Superset is a lightweight business intelligence (BI) tool. Connect it to E-MapReduce (EMR) Druid or Hive data sources to run queries, build charts, and publish dashboards — all from a browser. An EMR V3.34.0 cluster is used in the examples.
Prerequisites
Before you begin, make sure that you have:
-
An EMR Hadoop or Druid cluster with Superset selected as an optional service at creation time. For instructions, see Create a cluster.
-
Network access from your computer to the emr-header-1 node of the cluster. Superset's web UI is only accessible through an SSH tunnel to that node. For setup instructions, see Create an SSH tunnel to access web UIs of open source components.
Limitations
-
Superset runs on the emr-header-1 node only and cannot be deployed in high-availability (HA) mode.
-
Knox cannot be used to access the Superset web UI.
Access EMR Druid from Superset
Superset is deeply integrated with EMR Druid. You can query Druid using either SQL or Druid's native query language.
Step 1: Log in to Superset
Open the Superset web UI through your SSH tunnel. The default username and password are both admin. Change the password immediately after your first login.

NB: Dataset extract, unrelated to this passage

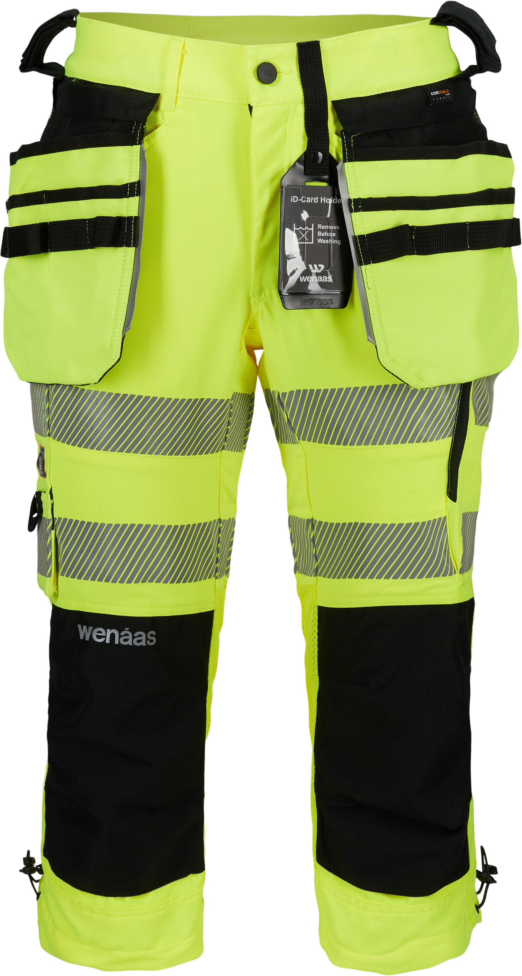 Schlanke ¾ lange Hose, bequeme Passform, gute Bewegungsfreiheit und gute Belüftung. Erhöhter Bund auf der Rückseite, Gürtelschlaufen und 2 Hammerhalter. Abnehmbarer Ausweishalter, abnehmbare Hängetaschen mit Werkzeugtaschen, Werkzeugschlaufen und reflektierender Rand. Die Hose hat Seitentaschen, 1 doppelte Oberschenkeltasche mit Reißverschluss und Patte, Gesäßtaschen mit reflektierendem Rand, Zollstocktasche und Kniepolstertaschen. Reflektierende Paspelierung in 2 Höhen und Weiteneinstellung am unteren Beinende.

The web UI displays in English on first login.
Step 2: Add an EMR Druid cluster
-
Choose Sources > Druid Clusters.
-
Click the
icon. -
In the Add Druid Cluster dialog box, configure the following parameters.
Parameter Description Broker Host Enter emr-header-1. This value is fixed.Broker Port Enter 1followed by the open-source Broker port number. For example, if the Broker port is8082, enter18082.Cluster Name Enter the name of the Druid cluster you created in the EMR console. 
-
Click Save.
Step 3: Add a data source
-
Choose Sources > Druid Datasources.
-
Click the
icon. -
In the Add Druid Datasource dialog box, configure the following parameters.

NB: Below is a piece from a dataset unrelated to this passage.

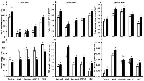 (a) MDA: malondialdehyde content, (b) H2O2: hydrogen peroxide content, (c) total soluble sugar content, (d) protein content, (e) POX: peroxidase activity, and (f) PPO: polyphenol oxidase activity in tomato plants leaves grown under two different water regimes (75% field capacity (FC) shown in open bars, and 35% FC shown in filled bars) and treated (or not; non-amended and non-inoculated control) with either biostimulants (AMF: arbuscular mycorrhizal fungi; C; compost; and combination of AMF + C) or conventional chemical fertilizer (NPK). Means sharing the same letters are not significantly different at p < 0.05, as determined by Tukey’s HSD.

Parameter Description Datasource Name Enter a name for the datasource. Cluster Select the EMR Druid cluster you added in the previous step. 
-
Click Save. After saving, click the
icon to specify dimension columns and metric columns.
Step 4: Verify the connection
Click the datasource name to view the details of the EMR Druid cluster.

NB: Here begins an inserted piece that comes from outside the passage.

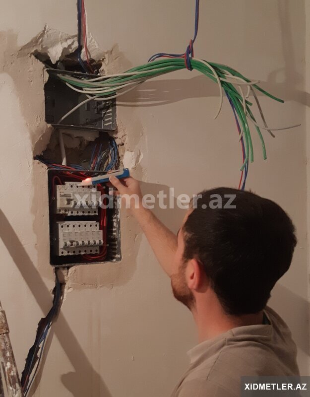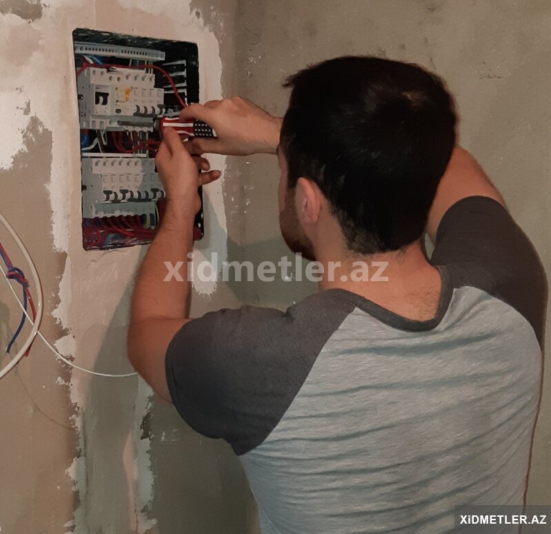 (380 V) 3 faz elektrik kabelleri, (220 V) elektrik açarları termik role, kontaktör, puskater şit, Çilçiraq, Listura Kulçatellerin, Spot, Bra, Plafon, Gizli İşıq, Razetka, Avtomat, Şit Quraşdırılmasını edirəm

Access a Hive database from Superset
Superset uses SQLAlchemy to connect to relational databases and big data query engines, including MySQL, Oracle, PostgreSQL, Microsoft SQL Server, Hive, Presto, and Druid. Hive is installed by default on EMR Hadoop clusters.
For other supported database types, see the SQLAlchemy dialect documentation.
Step 1: Log in to Superset
Open the Superset web UI through your SSH tunnel. The default username and password are both admin.
Step 2: Add a Hive database
-
Choose Sources > Databases.
-
Click the
icon. -
In the Add Database dialog box, configure the following parameters.
Parameter Description Database Enter a name for the database connection. SQLAlchemy URI Enter hive://emr-header-1:10000/.
-
Click Save.
Step 3: Add a table
-
Choose Sources > Tables.
-
Click the
icon. -
In the Import a table definition dialog box, configure the following parameters.
Parameter Description Database Select the database you added in the previous step. Table Name Enter the name of a table in that database. This example uses a table named test.
-
Click Save.
Step 4: Query data
-
Choose SQL Lab > SQL Editor.
-
Select Hive JDBC Server as the database.
-
Select default as the schema.
-
Run your Hive query.
FAQ
The admin user sees "invalid login" on first login.
This happens on EMR clusters with a minor version earlier than V4.6 or V3.33. To fix this, run the following commands on the master node as the root user:
-
Log in to the master node via SSH. For instructions, see Log on to a cluster.
-
Activate the Superset environment:
source /usr/lib/superset-current/bin/activate -
Create an admin account:
superset fab create-adminEnter the username, first name, last name, email, password, and confirmation as prompted. The defaults are:
Username [admin]: User first name [admin]: User last name [user]: Email [admin@fab.org]: Password: Repeat for confirmation: -
Initialize the database:
superset db upgrade -
Initialize Superset:
superset init
After these steps, create an SSH tunnel and log in with the account you just created.